Results tagged ‘ duke sims ’
There have only been three “Duke’s” in Yankee franchise history. The first was the very versatile starter and reliever, Duke Maas, who went 26-12 during Casey Stengel’s last three seasons as Yankee skipper. The second Yankee “Duke” was New York City native, Duke Carmel, who first played for Stengel’s Mets in 1963 before donning the pinstripes for just six games during the 1965 season. The third and most recent Bronx Bomber named Duke, was the veteran catcher, Duke Sims, who spent his first seven big league seasons doing a lot of catching and some pretty effective hitting for the Cleveland Indians. He then got traded to the Dodgers in 1971, was released by LA the following year and got picked up by the Tigers. He played parts of two seasons in MoTown and was again put on waivers during the 1973 season. That’s when the Yankees picked him up.

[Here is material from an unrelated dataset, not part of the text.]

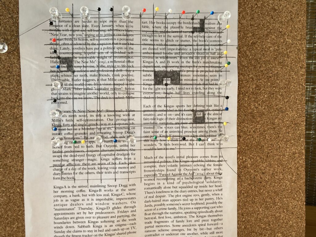 To distract me from the run, I decided to listen to my “Window” playlist. When I got to “Waving Through a Window” I started thinking about the window as a barrier between me and the world, which made me think of the grid on my visual poems as not only being about mapping and locating and connecting (as thread or string or line), but as net or a veil or a thing that blocks my immediate access to the word and the world. Yes! The grid as both offering connection and preventing it, or obscuring it, or weakening it.

Sims was a solid defensive catcher with a strong arm and not to shabby offensively either. He had hit 23 home runs for the Indians in 1970 and though his lifetime average was just .239, he carried a .340 career on base percentage. But with Thurman Munson entrenched as Yankee catcher and both Jerry Mays and a youngster named Rick Dempsey backing him up, Sims was pretty much a luxury the Yankees couldn’t afford or find a spot to play. He got into only 4 games during the end of the 1973 season and just 5 more at the beginning of the following year. That’s when the Yankees made a terrific deal. They traded Sims to Texas for a left-handed pitcher named Larry Gura.
Sims would end up retiring that year after going to the Rangers and hitting .209. Gura, on the other hand would pitch another eleven seasons in the big leagues and win 123 more games before retiring. The only problem was that he got 111 of those victories wearing the uniform of the Kansas City Royals instead of the Yankee pinstripes. That’s because after going 12-9 during his first two seasons in New York, somebody in the front office got the bright idea to trade Gura for catcher Fran Healy. So instead of magically transforming the inexpensive waiver selection Duke Sims into one of the AL’s better southpaws during the late seventies and early eighties, the Yankees ended up with two easy-to-forget seasons of Fran Healy’s backup catching.